Synonyms: Radicular cyst, Periapical
cyst
This is the commonest of all odontogenic
cysts. This is usually caused due to root
infection involving the tooth closely related to the maxillary
sinus antrum. The resulting pulpal necrosis causes release of
toxins at the apex of the tooth leading to periapical
inflammation. This inflammation
stimulates the Malassez epithelial rests, which are found in the
periodontal ligament, resulting in the formation of a periapical
granuloma that may be infected or sterile. The epithelium
undergoes necrosis and the granuloma becomes a cyst. The cyst
could well be sterile if the patient had received
antibiotic treatment for dental infection. These lesions
when small can easily be missed until and unless a routine
radiograph is
taken. Radiographically
it is virtually impossible to differentiate granuloma from a
cyst. If the lesion is large it is more likely to be a
cyst. Radiographically both granuloma and cyst appear to
be radiolucent, associated with the apex of non vital
tooth. These lesions can grow
into large lesions because they apply pressure over the bone causing
erosion. The toxins released by the granulation tissue is one
of the common causes of bone erosion. These are non
neoplastic lesions. Microscopically, the
epithelium is a nondescript stratified squamous epithelium without
keratin formation. Evidence of inflammation may
be observed in the lining wall.
Clinical
features: As the cyst expands it causes erosion of the floor
of the maxillary sinus. As soon as it enters the maxillary
antrum the expansion starts to occur a little faster because there
is space available for expansion. When it reaches a size
wherein it fills up the whole antrum, it can erode the anterior
wall of the maxilla (in the canine fossa area). This is the
weakest portion of the maxillay bone. When it erodes the
anterior wall of the maxilla it could cause expansion of
the maxilla which could be seen as a swelling in the cheek
area. On palpation egg shell crackling may be felt in the
anterior wall of the maxilla over the canine fossa.

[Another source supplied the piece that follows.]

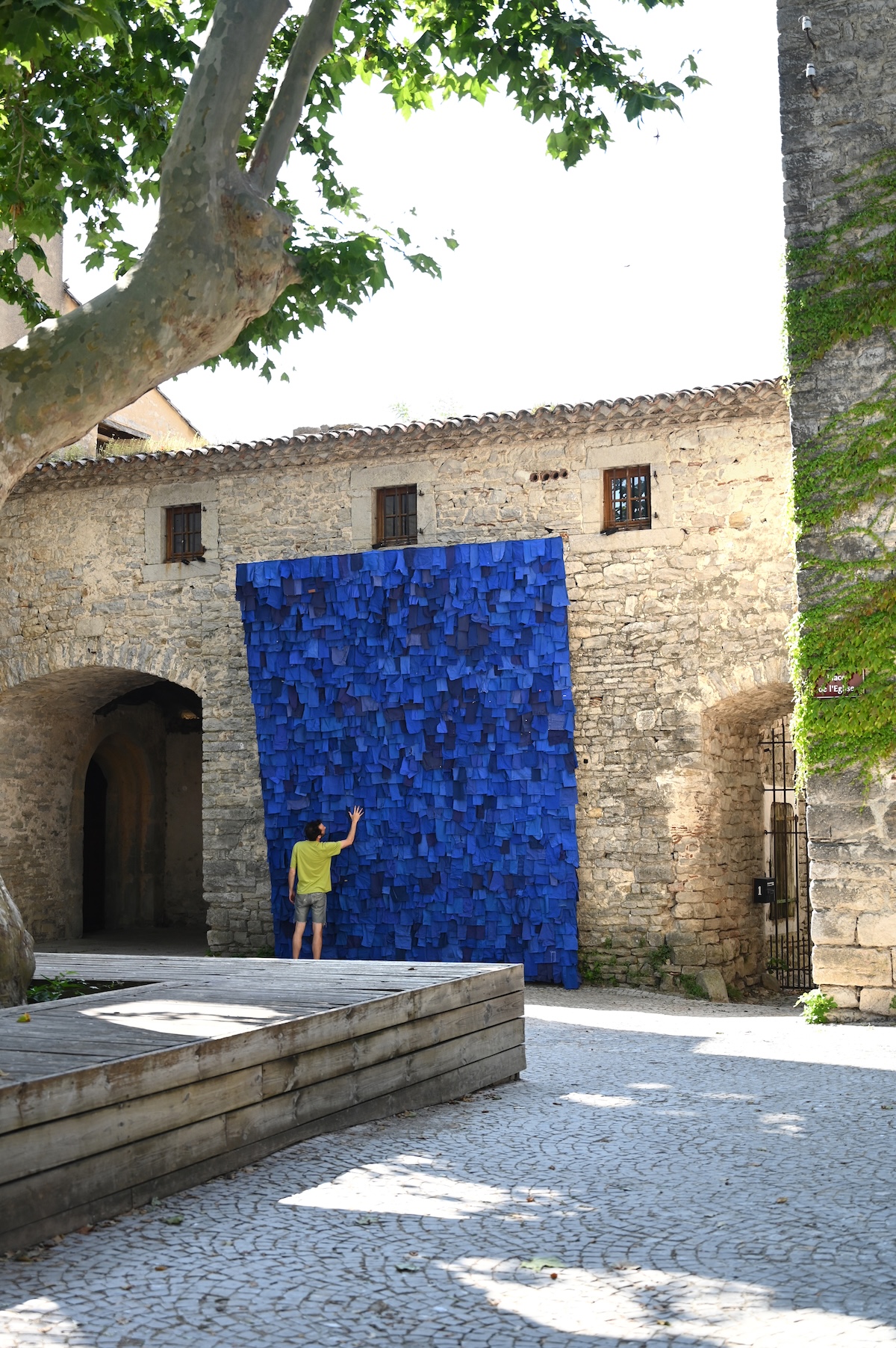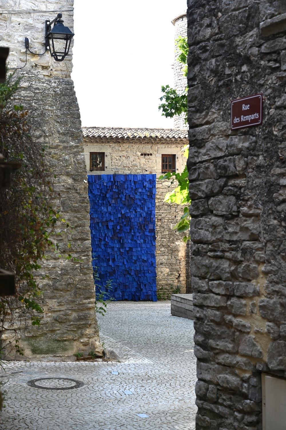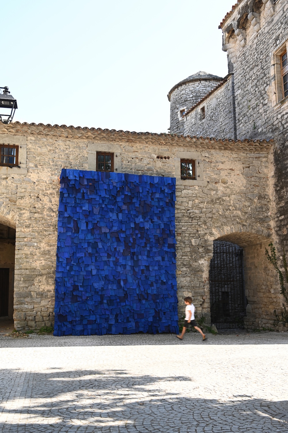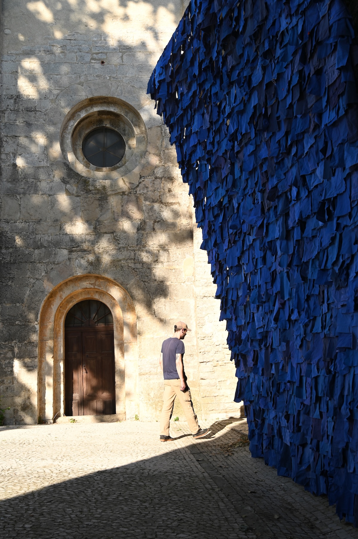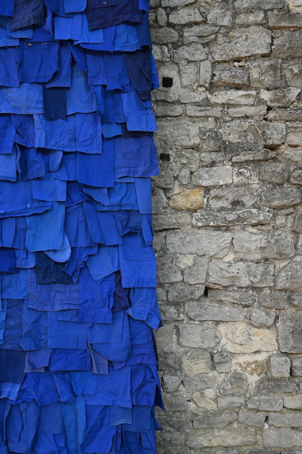 PatchWork se déploie sur le grand mur de la place entre l’église et le château. L’installation met en scène des bleus de travail récupérés. L’agrégation morcelée de ce tissu spécifique reconstitue un collectif imaginaire lié physiquement au monde du travail, uni par la forme et le monochrome.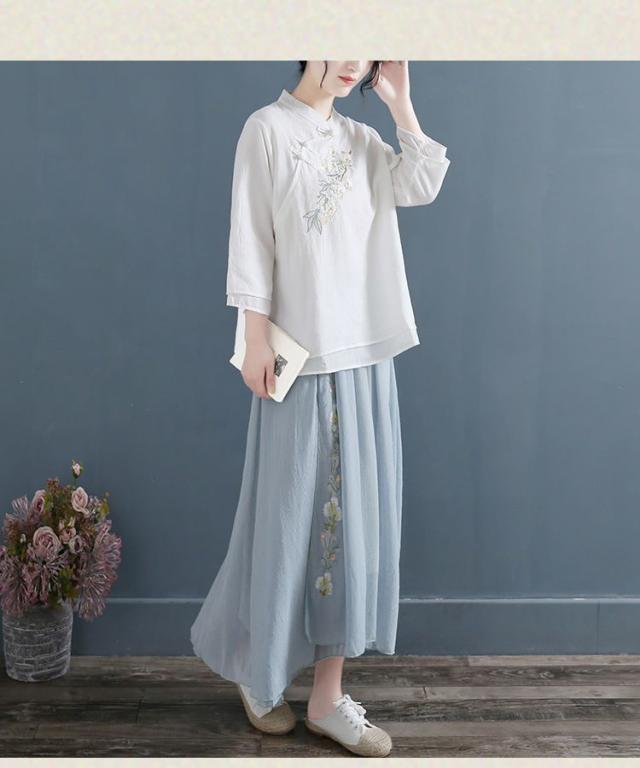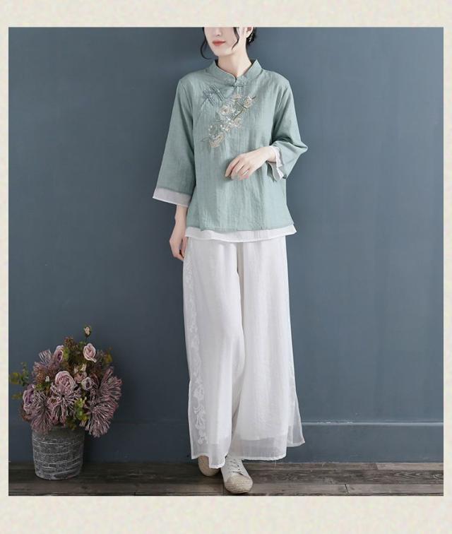 送料無料 ブラウス シャツ 7分袖 チャイナ シャツ トップス 花柄 レディース 綿麻 Tシャツ チャイナボタン 無地 中華 中国風 大きいサイズ ゆったり シンプル レトロ エレガント

There will be associated tenderness.
Tapping the teeth with a tongue
depressor will cause tingling sensation because of involvement of
the root of the teeth.
In the video clip
shown below you will be seeing a dental cyst which has eroded the
anterior wall of maxilla. The cyst was approached
via Caldwell Luc procedure sublabially. On incising the
muco perichondrium, yellowish fluid started pouring out of the
defect in the anterior wall of the maxilla. The contents of
the maxillay sinus along with its mucosal lining was curretted
out. Inferior meatal antrostomy was performed.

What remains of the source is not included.